With the default polkit config this will prompt for the root password to grant the neccessary permissions to perform this actions via polkit. I guess you would just have to add a policy file to /etc/polkit-1/rules.d/ to grant your user these privileges without root password. (something like is done for mounts here http://wiki.gentoo.org/wiki/Polkit#Rules).

One more off topic suggestion that could accomplish what you want in another way: You may have a look at keepassX, which is a GUI to handle and store passwords in an encrypted file: https://www.keepassx.org/. Should do what you described above.
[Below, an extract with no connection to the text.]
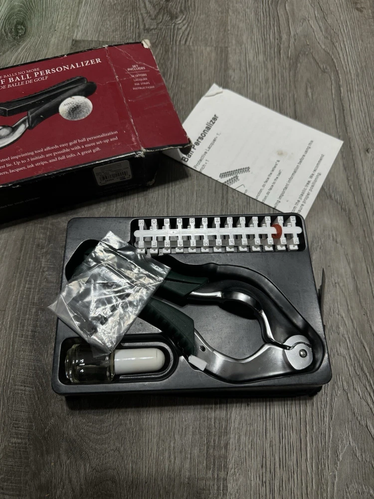 THE Amazing Golf Ball PERSONALIZER KIT, Restoration Hardware Never Used New damaged box but item is NEW!

However, would not help if you want access from the console as well.

----------

## gabrielg

Thanks, Kompi, I'll try to port this as I'd need it in Gentoo and a device with ARM that runs a Linux based on Mer.

----------

## mhogomchungu

There is this project here[1] that will allow you to do what you want.

The default behavior is to create a mount point in "/run/media/private/$USER" but there is a compile time option to create a mount point in user directory.

The program will allow you to open your encrypted volumes from a normal user account using provided CLI tools or,if you prefer,through provided GUI tools.

If you are to try it out,try the git version.Its practically the new version scheduled to be released on the first of next month.

[1] http://code.google.com/p/zulucrypt/

----------

## 1clue

is it always the same file? maybe you could script it, chown root:you, and chmod 4750.

----------